One story in particular caught my imagination. It was called Snow Sister, and it was about a little girl who builds a snowman each year to ease the loneliness of having lost her sister. As a pagan, who is acquainted with many of the old Celtic myths and legends, this reminded me of the story of Blodeuedd, the woman who was made out of flowers to be a wife to Llew, to foil a curse laid down by his mother.
So that day and the next, I wrote the Prologue to a new children’s novel, in which a lonely girl sits rapt as the Court Bard re-tells the story of Blodeuedd, and an idea blossoms in her head.
But where to go next? I began the first chapter, but it was not until the Saturday morning, when I lay in bed thinking it through, that the whole story arc blossomed in my head. Excited, I got up and typed it out, before it got away.
The Bard refuses to make her a friend out of flowers, but when she finds an inscription in the woods, he agrees to create a girl/woman in order to break a centuries-old spell and free the legendary magician, Merlin, from his enchanted sleep. But their troubles are just beginning. For Nimue, the woman who enchanted Merlin, has stolen the Spear of Grievous Wounding.

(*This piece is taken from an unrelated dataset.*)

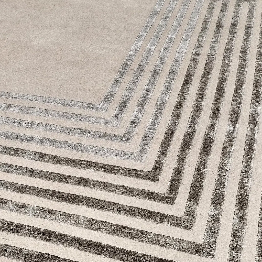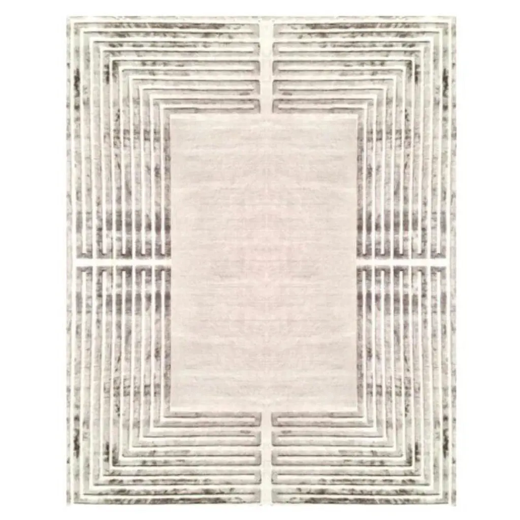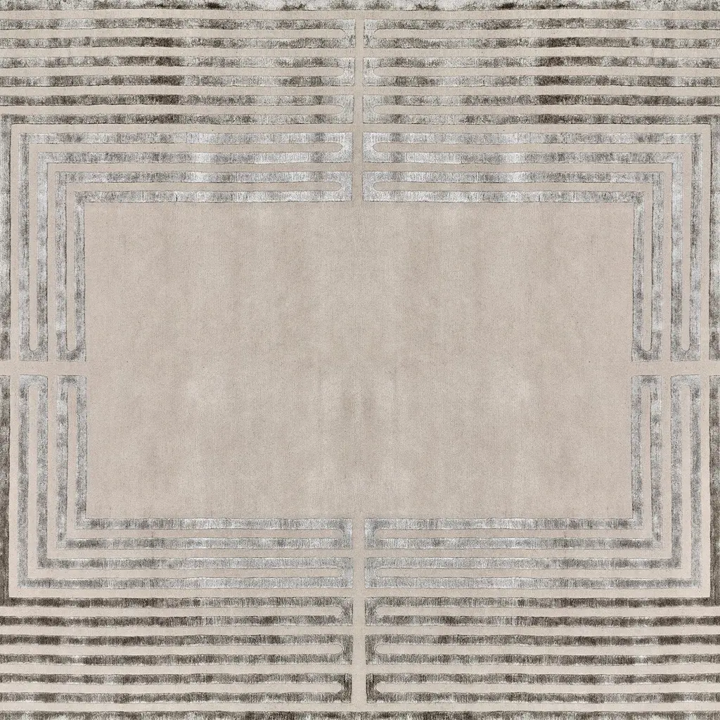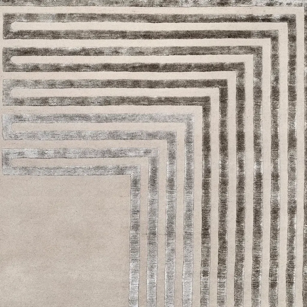 Part of the Ecstasy series in the Design Collection, the luminous and minimalist pattern of this splendid design will imbue a modern or classic room with sophistication. This unique rug is knotted by hand in Nepal of 50% silk and 50% Himalayan wool with 152,000 knot/sqm. The vegetable- and mineral-dyed threads have elegant neutral colors, which, along dimensions and thread composition, can be customized. Please consult the Concierge for details.

In order to distract Merlin from his rightful vengeance, she uses it to wound the King, our heroine’s grandfather. The land begins to fall into civil war, famine and sickness, and only the Grail can save both the King and his people.
And Aelwen, daughter of the King’s youngest son and the heroine of our tale, is integral to the quest, for as the chosen Grail Maiden (the working title of the series), her help is vital to its successful completion. But will she have to marry a neighbouring Prince to seal a diplomatic deal, or can she complete her rather hurried Bardic training? Can she accomplish the heavy duty laid on her by the Goddess of the Land, and help find the Grail and heal the King?

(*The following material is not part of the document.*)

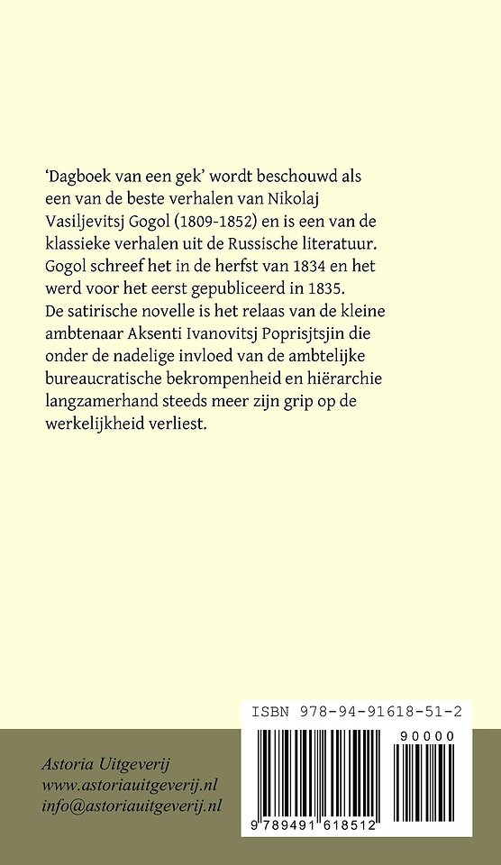 'Dagboek van een gek' wordt beschouwd als een van de beste verhalen van Nikolaj Vasiljevitsj Gogol (1809-1852) en is een van de klassieke verhalen uit de Russische literatuur. Gogol schreef het in de herfst van 1834 en het werd voor het eerst gepubliceerd in 1835.

These questions will not all be answered until at least the end of Book Two – and we may still have the thorny problem of Nimue to resolve. I don’t know – I haven’t written it yet. But with the help of Aelwen and her family and friends, I have achieved the legendary status of NaNoWriMo winner (for the second time in my life), through a huge and concerted effort right at the end of the month (record number of words in one day – 11,000!), and the story will continue. Here endeth Book One. Let Book Two commence!